I started the day at Skogsøy and already during the walk out to where I sit the trip was worth it - a Spotted Redshank sotsnipe flew south calling as it went:)
Migration wise it was quieter than my previous visit and some of the waders were even heading the wrong way. Largely the usual species such as Oystercatcher tjeld, RInged Plover sandlo, Golden Plover heilo, Dunlin myrsnipe, Sanderling sandløper and Turnstone steinvender but also a Curlew Sandpiper tundrasnipe (something of a scarcity in Øygarden, seen only 17 times since the first in 1988 and the first I have seen since 2016!) in one of the flocks. A bit frustrating as many waders were only heard as they passed either overhead or possibly too close in to be seen.

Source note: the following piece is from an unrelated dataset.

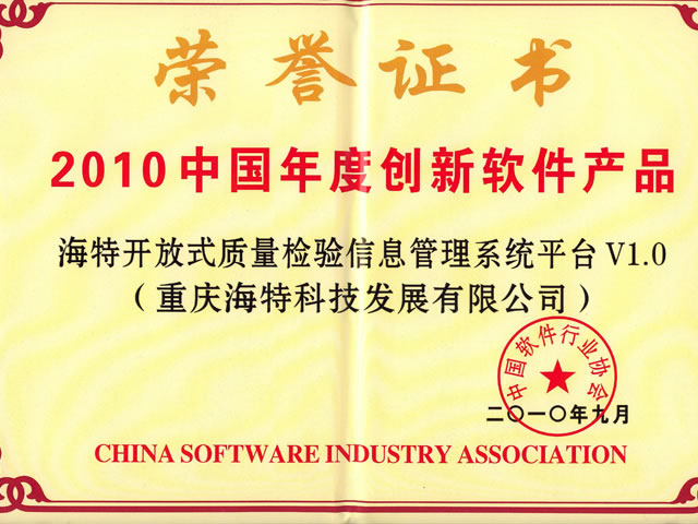 2010年9月3日,“2010中國(guó)軟件產(chǎn)業(yè)發(fā)展暨企業(yè)創(chuàng)新高峰會(huì)”在南京金陵會(huì)議中心揚(yáng)子廳舉行。我公司“海特開(kāi)放式質(zhì)量檢驗(yàn)信息管理系統(tǒng)平臺(tái)(TIS)V1.0”在此次會(huì)議上獲得了中國(guó)十大創(chuàng)新軟件產(chǎn)品的殊榮。

15 Red-throated Diver smålom, a few auks including Black Guillemot teist, a Velvet Scoter sjøorre, a few Arctic Tern rødnebbterne and at least a couple of Tuna makrellstørje were among the other sightings.
I spent an hour on my terrace and clocked up a few more species including a Common Buzzard musvåk heading north (only six previous observations in the "old" Øygarden), a Kestrel tårnfalk and a few flocks of Greylag grågås and Cormorant storskarv.
In the evening I actually left the house and met people which meant I returned home after my bedtime and was rewarded with a spectacular showing of the aurora borealis. Typically I couldn't find my smallest lens and had forgotten the settings to use so I in no way did any justice to the performance!